In contrast to conventional radiography, high resolution peripheral quantitative computed tomography (HR-pQCT) allows three-dimensional (3D) determination and quantification of the microarchitecture as well as volumetric bone mineral density (vBMD) of the hand joints in vivo with a resolution of 82 micrometer isotropic voxel size5,6. Subsequently, density parameters (mg hydroxylapatite/\({\text {cm}}^3\)) are available for the whole bone.

In the past years HR-pQCT has been used to determine and quantify the vBMD and microarchitecture in patients with arthritis, which has supported the early and differential diagnosis of the disease and evaluated the bone-protective effort of anti-rheumatic drugs7,8.

State-of-the-art (SOTA) assessment for vBMD determination of the hand using HR-pQCT technique is based on a semi-automatic segmentation of the metacarpal (MC) bone in the acquiried images9. Given the segmentation mask, the vBMD is calculated by the summation of corresponding bone voxels.
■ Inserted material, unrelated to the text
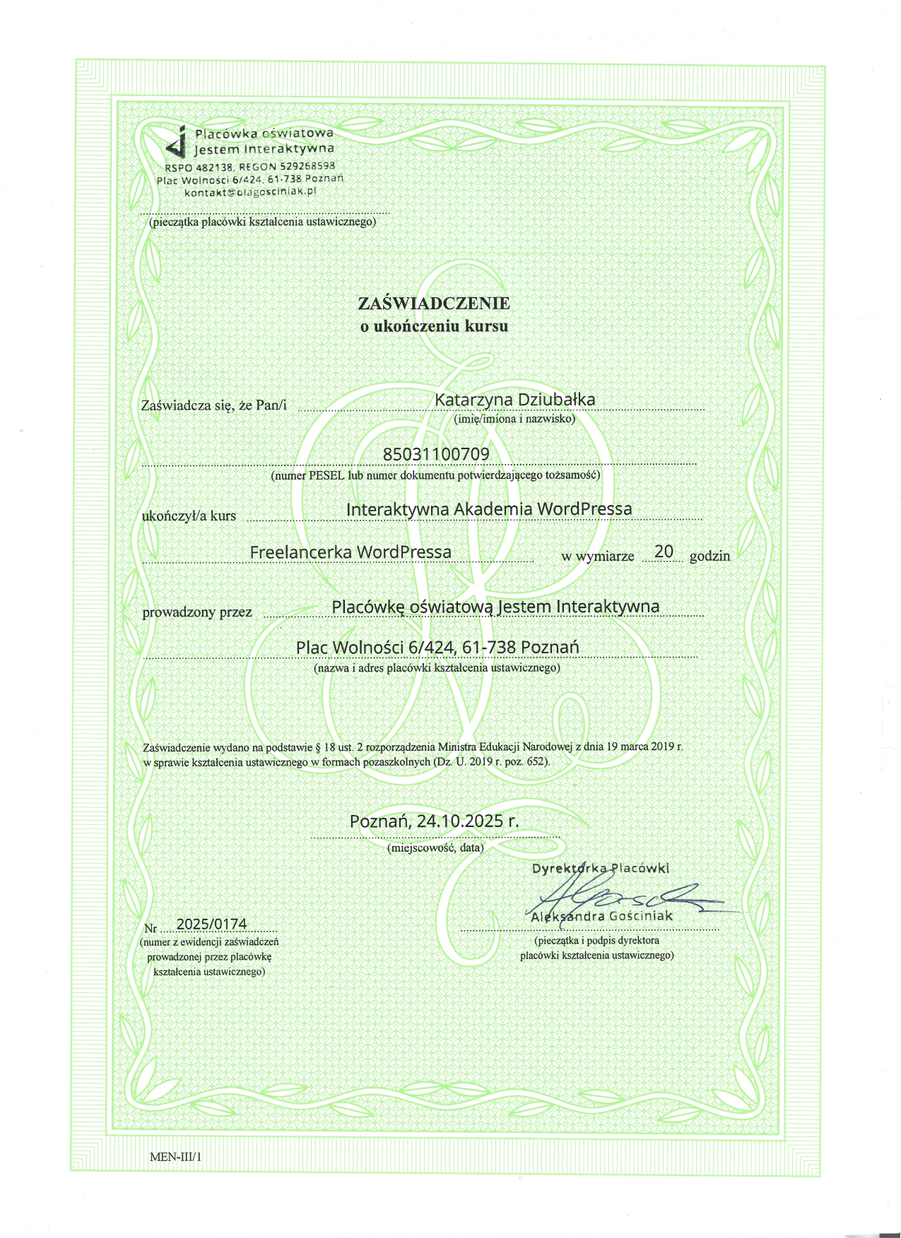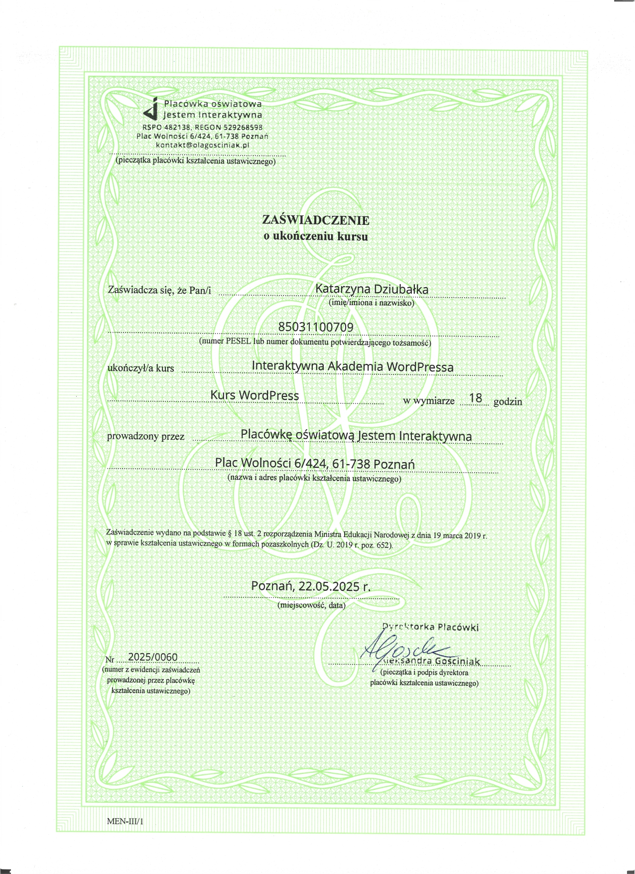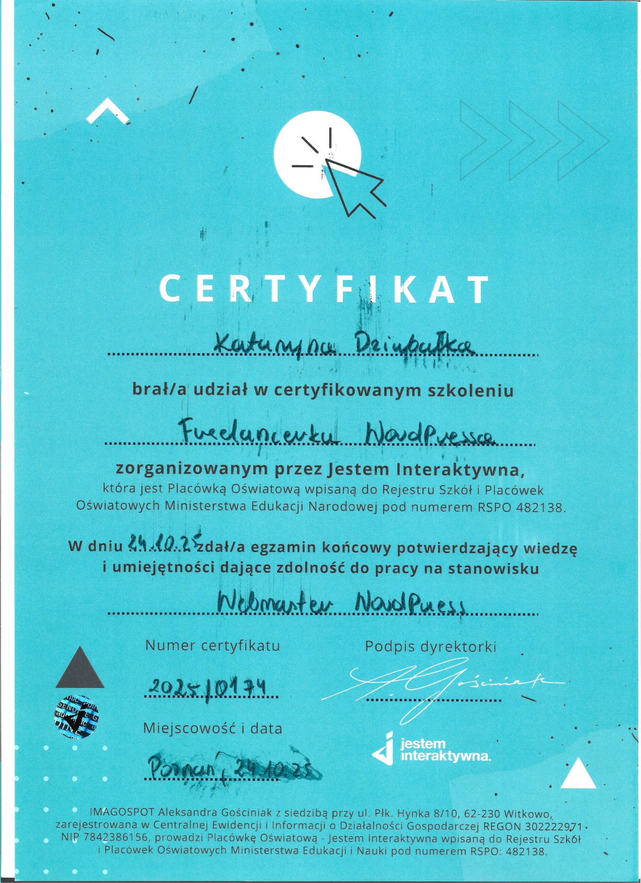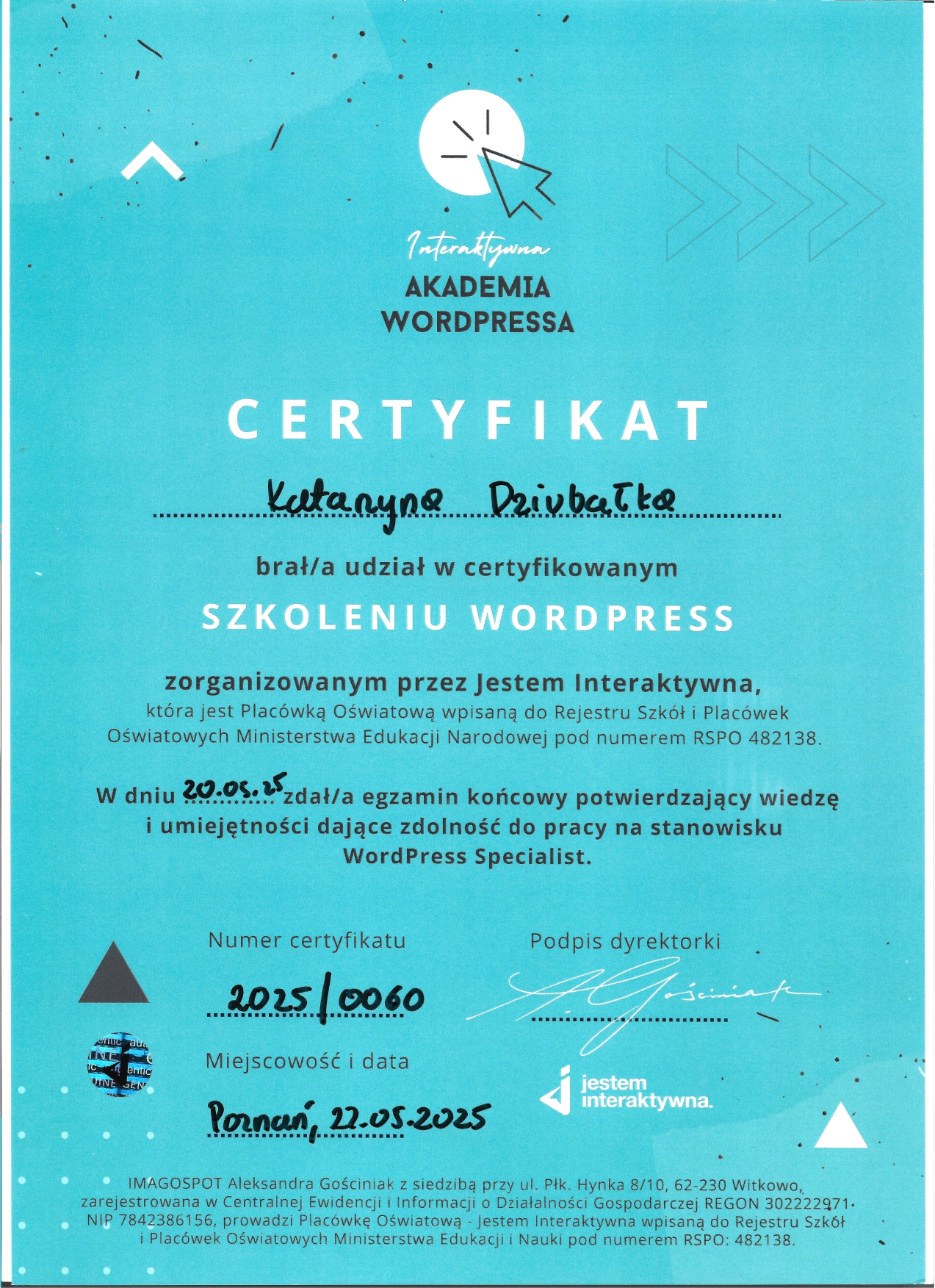 Dlatego poszłam krok dalej. Ukończyłam Interaktywną Akademię WordPress i WooCommerce (potwierdzoną egzaminem MEN) oraz rozpoczęłam naukę w MailerLite Academy, aby łączyć pasję do technologii z budowaniem autentycznego wizerunku online.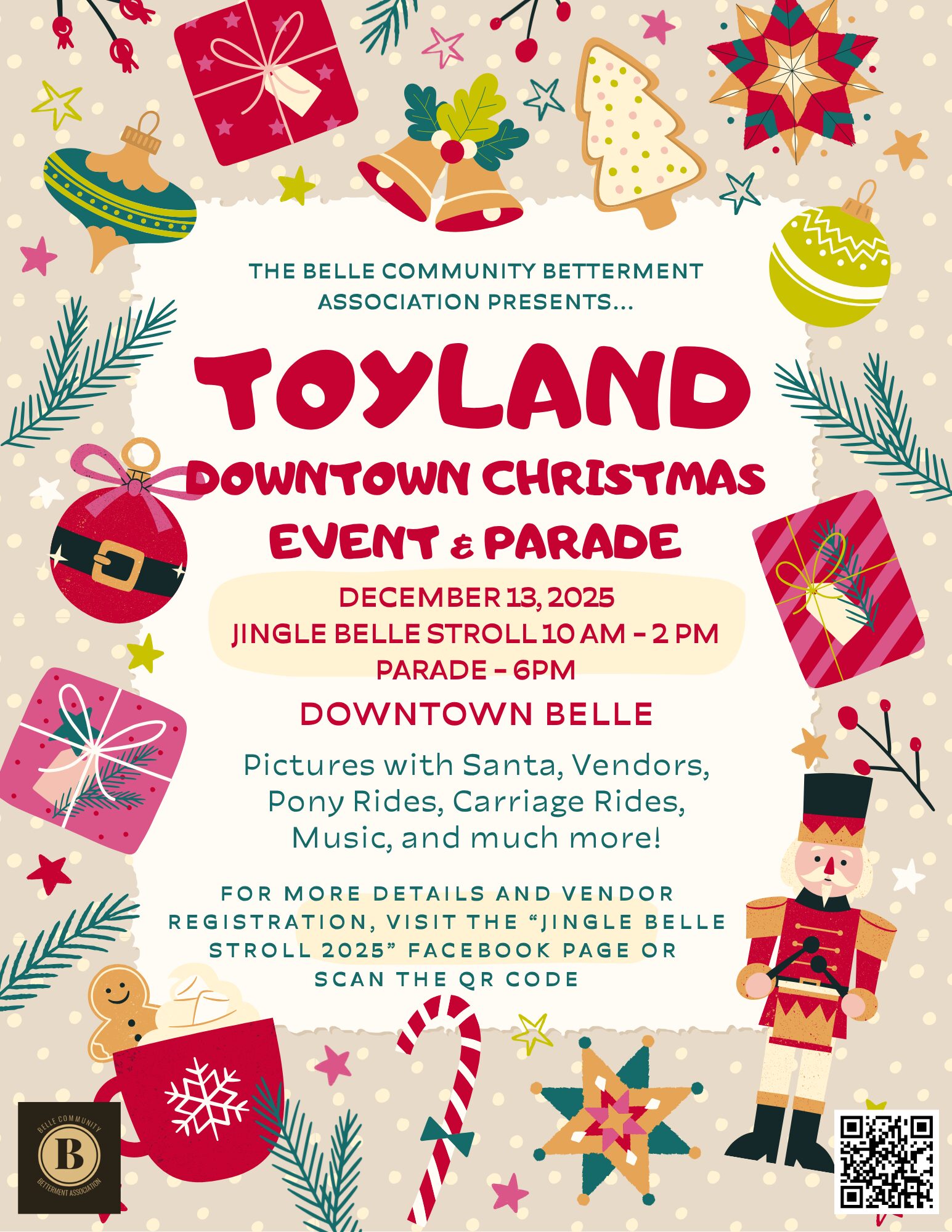 Get ready to be enchanted by the shimmering spectacle of our Christmas Parade on December 13 at 6:00 pm! This year’s theme, “Toyland,” promises to dazzle as it winds through the heart of Belle, spreading holiday joy and cheer to all. Gather your family and friends to experience the magic of this beloved tradition.

However, the semi-automatic segmentation of up to 320 slices for each patient joint by an expert is a time-intensive process. Additionally, for patients with advanced stages of arthritis, the erosion of the cortical bone of the MCs poses challenges for the segmentation task as the differentiation of the bone from the surrounding tissue is difficult. For mild cases this leads to inter-operator precision errors of 3.7%10. However, for difficult cases, this situation can lead to inter-operator precision errors as high as 11.58% for the erosions11.

Advancements in the field of deep learning have enabled the application of neural networks to medical imaging tasks12. The automatic segmentation of bones in whole body computed tomography (CT) images demonstrates the ability of neural networks to generalize to new, unseen patient images for a compliated task13. Recent works transitioned from feasability studies to the examination of the benefits of using deep learning as an assisting tool in the daily routine of clinicians14.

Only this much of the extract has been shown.